I would bet that was on purpose and very cool!


----------



## Gary Macdonald (Apr 20, 2016)

It looks like they are communing. Oh, I can hear it now!

“Hey. Did your user call it the Gas Pedal today?”
“Yeah. What a weirdo!”

“Hey. Did you hear the one about the Tesla, the Leaf and the BMW E3 pulling into the gas bar? Me neither.”

“How’d you like to go out some time on FSD and grab some electrons?”

“Sure! Just let me grab your front plate number. Oh. Wait. You don’t have one.”

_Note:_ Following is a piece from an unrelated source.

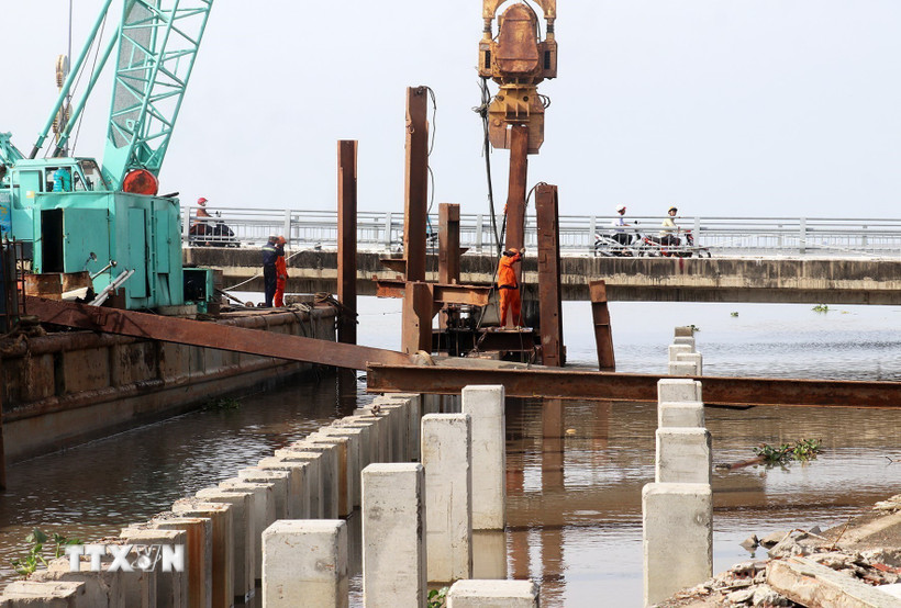 Dự án xây dựng kè biển mở rộng khu 16 ha phường Rạch Giá (An Giang) đang thi công. (Ảnh: Lê Huy Hải/TTXVN)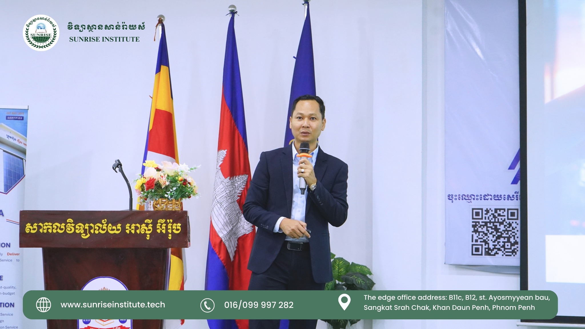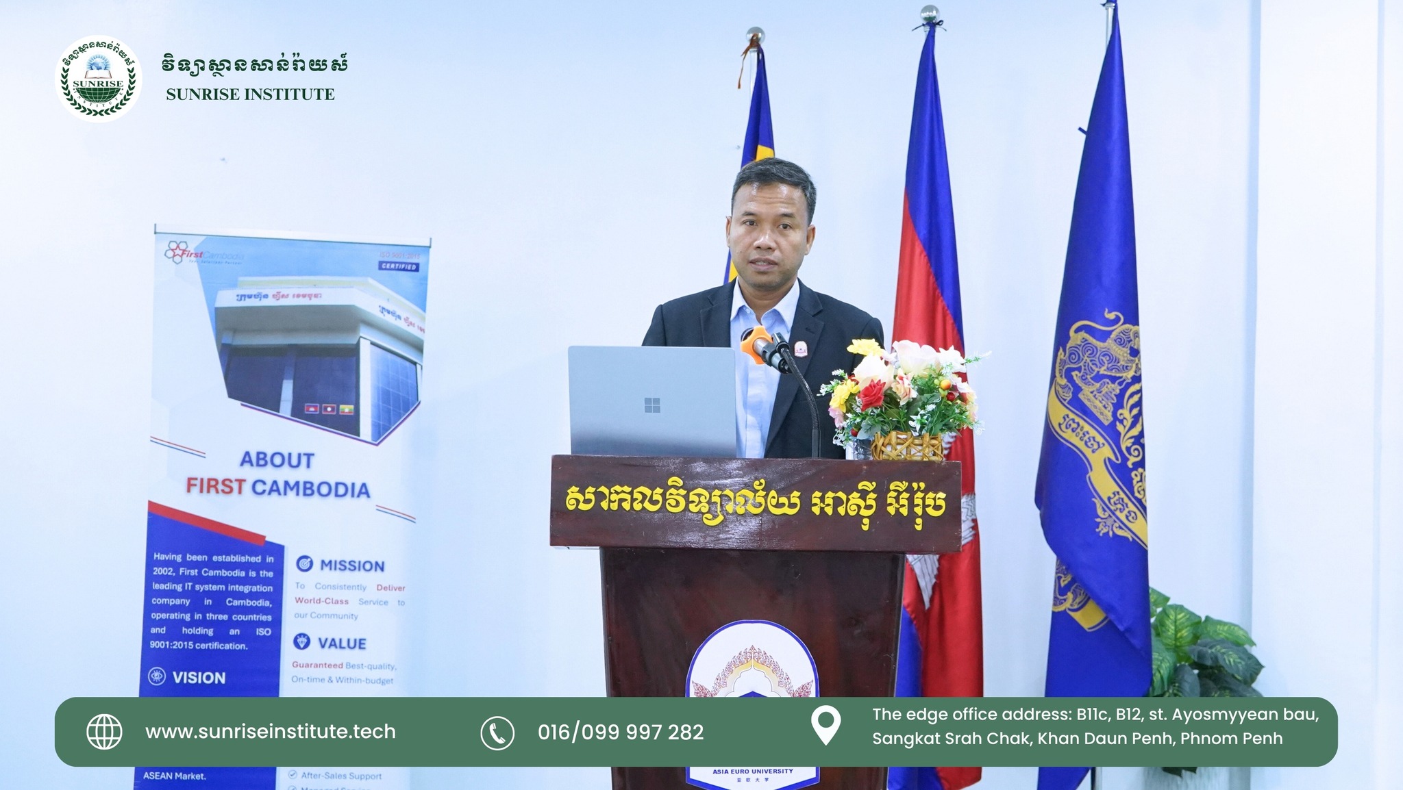 ឯកឧត្តម លោកបណ្ឌិត សុទ្ធ បូរិន សាកលវិទ្យាធិការរងនៃសាកលវិទ្យាល័យអាស៊ីអឺរ៉ុប ដែលនឹងថ្លែងសុន្ទរកថាបើក និងណែនាំពីទិដ្ឋភាពទូទៅនៃឱកាសក្នុងវិស័យ Cybersecurity។

Oh, the things that smart vehicles get up to when we’re not around!


----------



## Reef Club (Jun 18, 2017)

Whole Foods Market in Dr. Phillips does not have *free* EV charging like the Whole Foods in Winter Park. Winter Park store has 3 J-1772 chargers. Please contact the Dr. Phillips store, like I did, requesting EV charging opportunities.


----------



## Reliev (Jun 3, 2017)

how do I do this? I will! @Reef Club


----------



## Reef Club (Jun 18, 2017)

relidtm said:


> how do I do this? I will! @Reef Club


Email. [email protected]


----------



## Reliev (Jun 3, 2017)

thanks
i also saw this today
my wife said why do you always talk to other owners and random people i hope i dont have to do it with the model y I said dont worry you will She said i should make a video she can send a link to....oh boy


----------